The publishing year seems to begin slowly, but there are still several books coming this month that look very interesting and should be a nice start to 2018!
Which ones have I missed that you’re excited about?
The links to Amazon.com are affiliate links, so if you purchase the book (or any item) by going there from this page, we’ll make a bit of money for the site. Do not feel obligated, of course — we’ll keep going regardless! Release dates are based on the U.S. release date, but I’ve linked to U.K. pages as well.
January 9
The Memoirs of Two Young Wives
by Honoré de Balzac
translated from the French by Jordan Stump
NYRB Classics
Buy from Amazon.com here.
Buy from Amazon UK here.
Here is the blurb from NYRB Classics:
Two very intelligent, very idealistic young women leave the convent school where they became the fastest of friends to return to their families and embark on their new lives. For Renée de Maucombe, this means an arranged marriage with a country gentleman of Provence, a fine if slightly dull man for whom she feels admiration but nothing more. Meanwhile, Louise de Chaulieu makes for her family’s house in Paris, intent on enjoying her freedom to the fullest: glittering balls, the opera, and above all, she devoutly hopes, the torments and ecstasies of true love and passion. What will come of these very different lives?
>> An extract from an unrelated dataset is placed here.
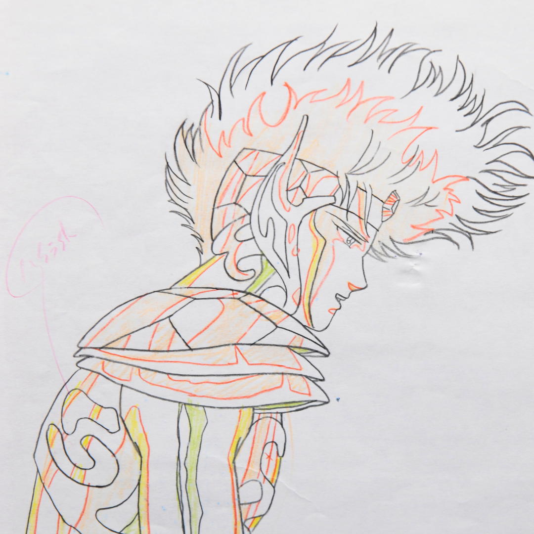For this douga inspired by the artistic style of Toulouse-Lautrec, the Crystal Saint is imagined with a unique flair, taking visual cues from Lautrec's iconic use of bold outlines and expressive forms. Although the character does not appear in the original Saint Seiya manga, this interpretation brings a more theatrical and dramatic vibe to the Saint’s profile, much like Lautrec’s famous portraits.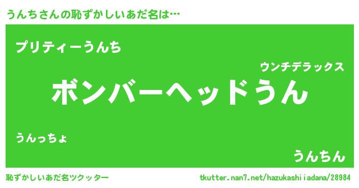 | ヒーロー風カッコイイあだ名 | 『慈愛の使者うんち』『仮面ウンダー』 |

Despite Honoré de Balzac’s title, these aren’t memoirs; rather, this is an epistolary novel. For some ten years, these two will—enthusiastically if not always faithfully—keep up their correspondence, obeying their vow to tell each other every tiny detail of their strange new lives, comparing their destinies, defending and sometimes bemoaning their choices, detailing the many changes, personal and social, that they undergo. As Balzac writes, “Renée is reason…Louise is wildness…and both will lose.” Balzac being Balzac, he seems to argue for the virtues of one of these lives over the other; but Balzac being Balzac, that argument remains profoundly ambiguous. “I would,” he once wrote, “rather be killed by Louise than live a long life with Renée.”
Winter
by Ali Smith
Pantheon
Buy from Amazon.com here.
Buy from Amazon UK here.
Here is the blurb from Pantheon:
The second novel in the Man Booker Prize–nominated author’s Seasonal cycle; the much-anticipated follow-up to Autumn (a New York Times, Washington Post, NPR, Financial Times, The Guardian, Southern Living, and Kirkus Reviews best book of the year).
Winter. Bleak. Frosty wind, earth as iron, water as stone, so the old song goes. And now Art’s mother is seeing things. Come to think of it, Art’s seeing things himself.
When four people, strangers and family, converge on a fifteen-bedroom house in Cornwall for Christmas, will there be enough room for everyone?
Winter. It makes things visible. Ali Smith’s shapeshifting Winter casts a warm, wise, merry and uncompromising eye over a post-truth era in a story rooted in history and memory and with a taproot deep in the evergreens, art and love.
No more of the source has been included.